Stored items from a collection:
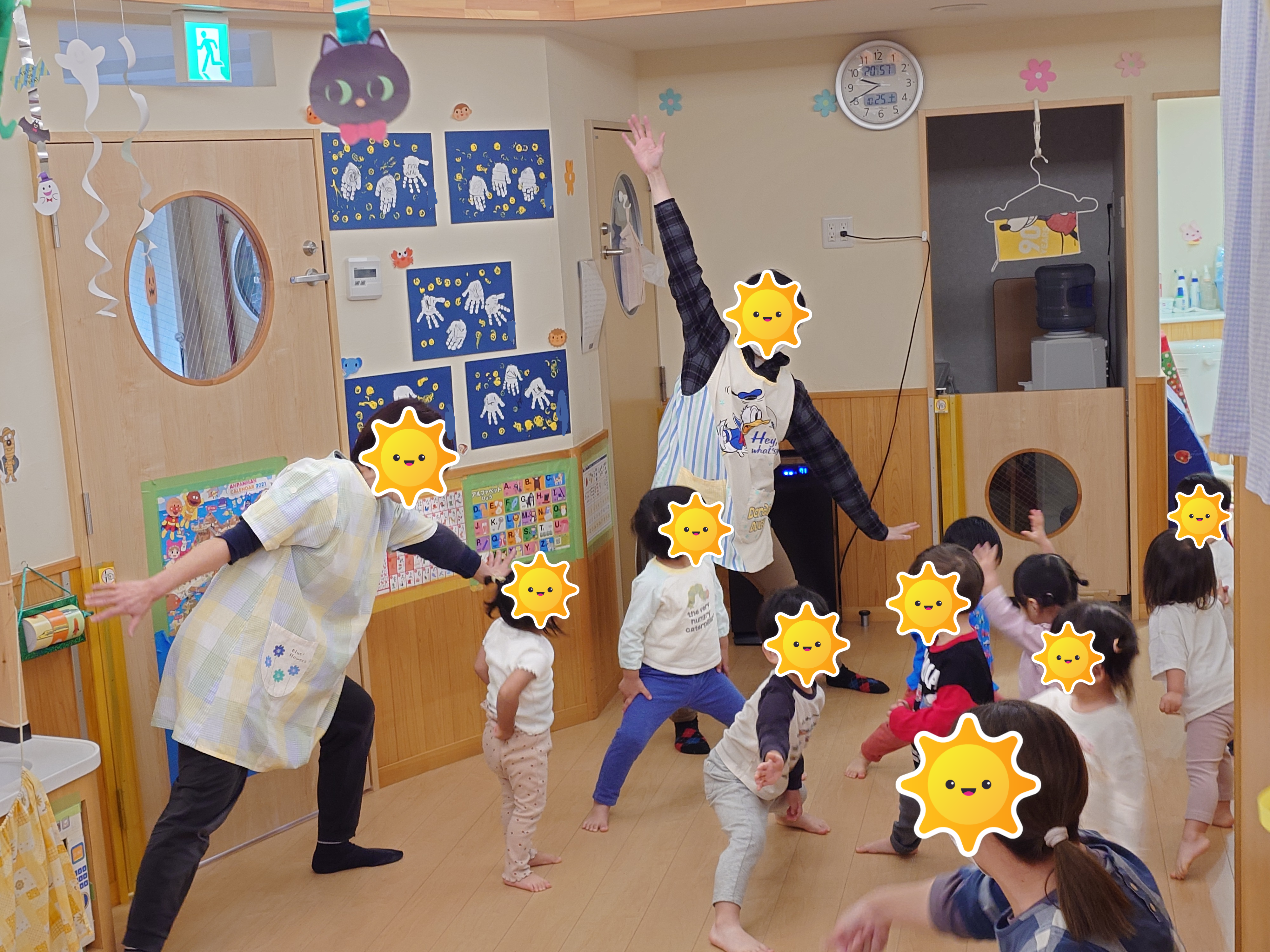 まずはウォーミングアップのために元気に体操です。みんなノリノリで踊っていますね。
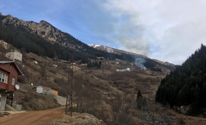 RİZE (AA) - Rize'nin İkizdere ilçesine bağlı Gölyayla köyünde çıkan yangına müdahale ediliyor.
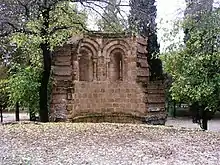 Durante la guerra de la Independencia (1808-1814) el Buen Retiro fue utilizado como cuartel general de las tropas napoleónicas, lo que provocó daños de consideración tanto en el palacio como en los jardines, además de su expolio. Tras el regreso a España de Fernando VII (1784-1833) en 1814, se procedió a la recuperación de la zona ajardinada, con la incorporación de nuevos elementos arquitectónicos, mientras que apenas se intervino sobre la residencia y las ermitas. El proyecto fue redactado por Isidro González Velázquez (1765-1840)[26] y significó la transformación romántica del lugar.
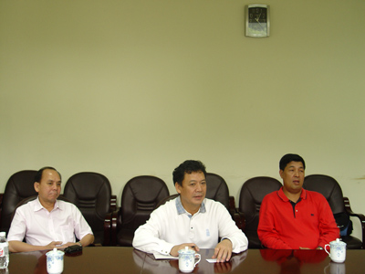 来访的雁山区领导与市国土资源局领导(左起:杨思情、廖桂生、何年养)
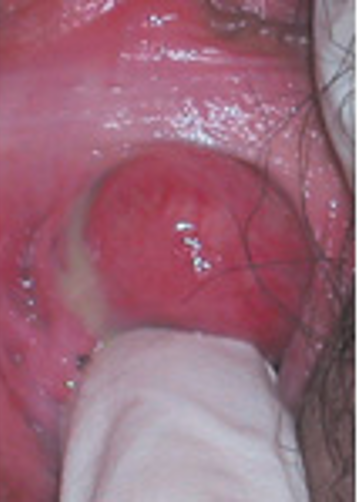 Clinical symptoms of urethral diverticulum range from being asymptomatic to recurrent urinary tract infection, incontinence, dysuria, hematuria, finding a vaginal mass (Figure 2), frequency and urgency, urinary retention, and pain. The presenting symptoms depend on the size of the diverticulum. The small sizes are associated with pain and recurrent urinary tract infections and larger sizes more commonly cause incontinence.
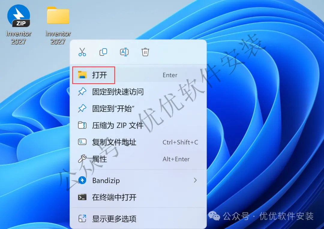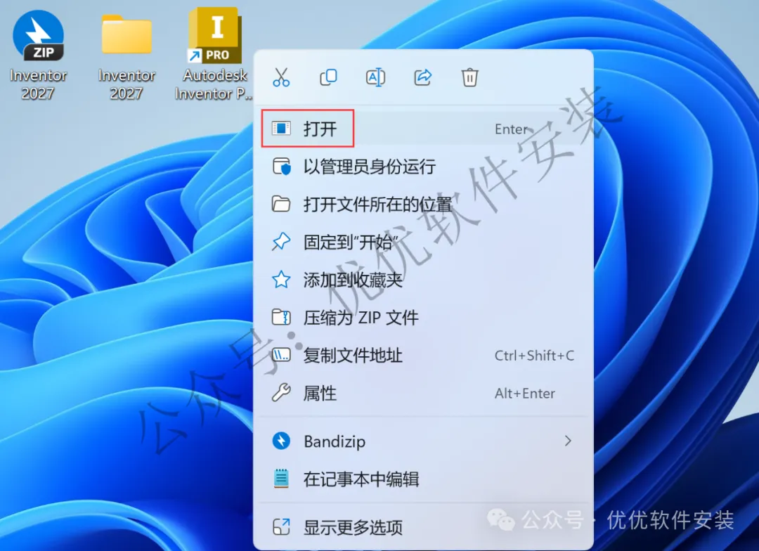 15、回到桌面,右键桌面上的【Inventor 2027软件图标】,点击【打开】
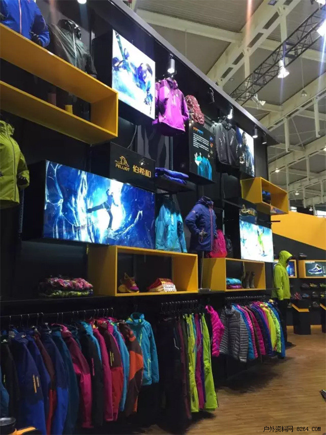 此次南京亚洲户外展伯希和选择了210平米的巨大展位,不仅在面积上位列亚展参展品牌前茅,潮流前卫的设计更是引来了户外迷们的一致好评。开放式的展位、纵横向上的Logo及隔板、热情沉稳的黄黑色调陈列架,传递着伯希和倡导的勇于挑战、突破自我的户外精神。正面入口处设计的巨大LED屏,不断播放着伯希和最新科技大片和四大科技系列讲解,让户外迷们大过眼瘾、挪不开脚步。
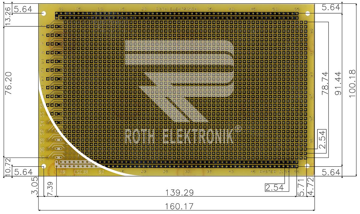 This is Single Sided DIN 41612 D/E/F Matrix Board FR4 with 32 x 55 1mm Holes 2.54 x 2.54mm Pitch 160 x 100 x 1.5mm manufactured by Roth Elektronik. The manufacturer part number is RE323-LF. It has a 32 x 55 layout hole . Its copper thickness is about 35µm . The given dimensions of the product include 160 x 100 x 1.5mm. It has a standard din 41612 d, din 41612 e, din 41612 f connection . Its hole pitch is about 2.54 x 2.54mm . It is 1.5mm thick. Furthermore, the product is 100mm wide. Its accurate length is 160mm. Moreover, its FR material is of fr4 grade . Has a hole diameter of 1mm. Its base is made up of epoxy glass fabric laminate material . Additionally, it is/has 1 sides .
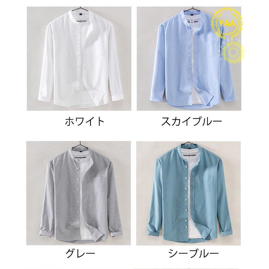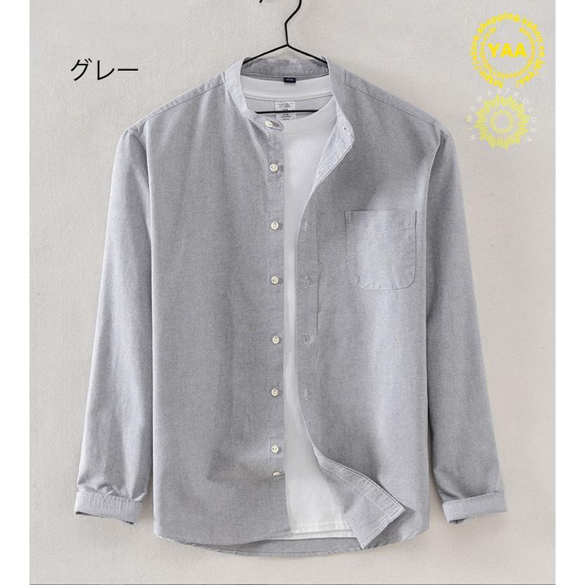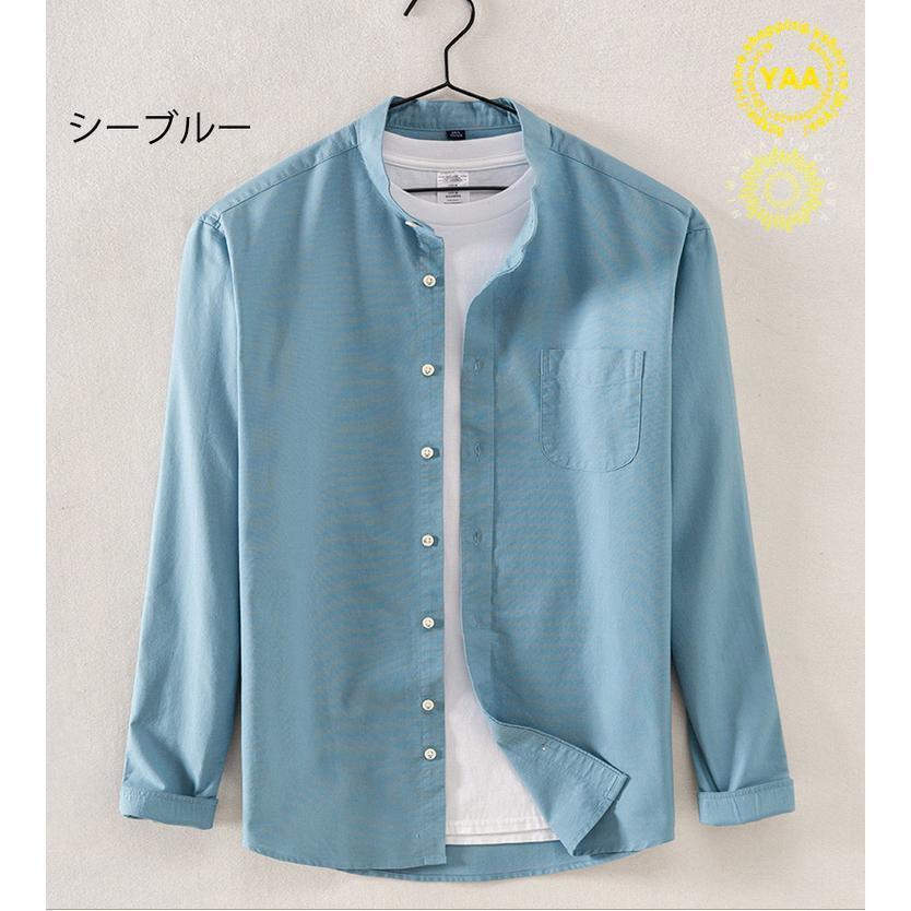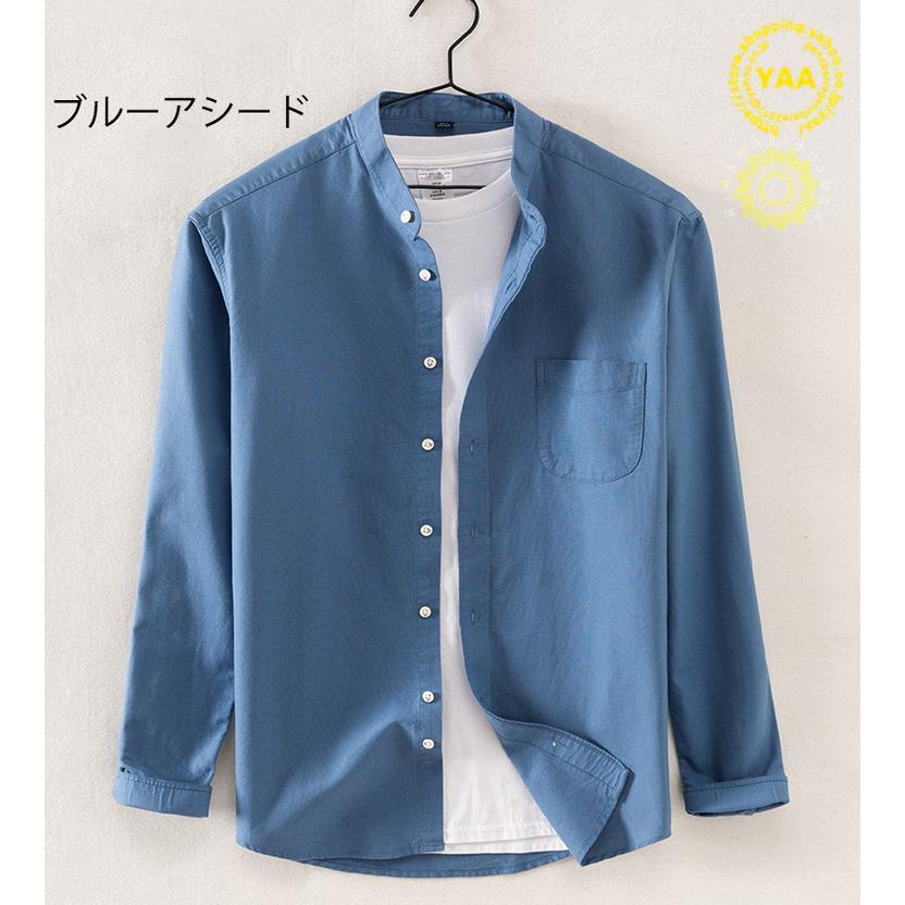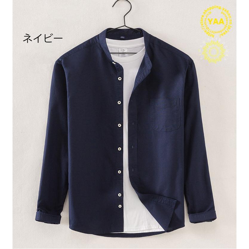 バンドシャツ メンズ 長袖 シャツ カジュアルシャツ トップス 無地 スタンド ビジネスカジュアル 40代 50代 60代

Exercise instructions:
Exclude all images and restate the records above word for word.

Task solution:
 まずはウォーミングアップのために元気に体操です。みんなノリノリで踊っていますね。
 RİZE (AA) - Rize'nin İkizdere ilçesine bağlı Gölyayla köyünde çıkan yangına müdahale ediliyor.
 Durante la guerra de la Independencia (1808-1814) el Buen Retiro fue utilizado como cuartel general de las tropas napoleónicas, lo que provocó daños de consideración tanto en el palacio como en los jardines, además de su expolio. Tras el regreso a España de Fernando VII (1784-1833) en 1814, se procedió a la recuperación de la zona ajardinada, con la incorporación de nuevos elementos arquitectónicos, mientras que apenas se intervino sobre la residencia y las ermitas. El proyecto fue redactado por Isidro González Velázquez (1765-1840)[26] y significó la transformación romántica del lugar.
 来访的雁山区领导与市国土资源局领导(左起:杨思情、廖桂生、何年养)
 Clinical symptoms of urethral diverticulum range from being asymptomatic to recurrent urinary tract infection, incontinence, dysuria, hematuria, finding a vaginal mass (Figure 2), frequency and urgency, urinary retention, and pain. The presenting symptoms depend on the size of the diverticulum. The small sizes are associated with pain and recurrent urinary tract infections and larger sizes more commonly cause incontinence.
 15、回到桌面,右键桌面上的【Inventor 2027软件图标】,点击【打开】
 此次南京亚洲户外展伯希和选择了210平米的巨大展位,不仅在面积上位列亚展参展品牌前茅,潮流前卫的设计更是引来了户外迷们的一致好评。开放式的展位、纵横向上的Logo及隔板、热情沉稳的黄黑色调陈列架,传递着伯希和倡导的勇于挑战、突破自我的户外精神。正面入口处设计的巨大LED屏,不断播放着伯希和最新科技大片和四大科技系列讲解,让户外迷们大过眼瘾、挪不开脚步。
 This is Single Sided DIN 41612 D/E/F Matrix Board FR4 with 32 x 55 1mm Holes 2.54 x 2.54mm Pitch 160 x 100 x 1.5mm manufactured by Roth Elektronik. The manufacturer part number is RE323-LF. It has a 32 x 55 layout hole . Its copper thickness is about 35µm . The given dimensions of the product include 160 x 100 x 1.5mm. It has a standard din 41612 d, din 41612 e, din 41612 f connection . Its hole pitch is about 2.54 x 2.54mm . It is 1.5mm thick. Furthermore, the product is 100mm wide. Its accurate length is 160mm. Moreover, its FR material is of fr4 grade . Has a hole diameter of 1mm. Its base is made up of epoxy glass fabric laminate material . Additionally, it is/has 1 sides .
 バンドシャツ メンズ 長袖 シャツ カジュアルシャツ トップス 無地 スタンド ビジネスカジュアル 40代 50代 60代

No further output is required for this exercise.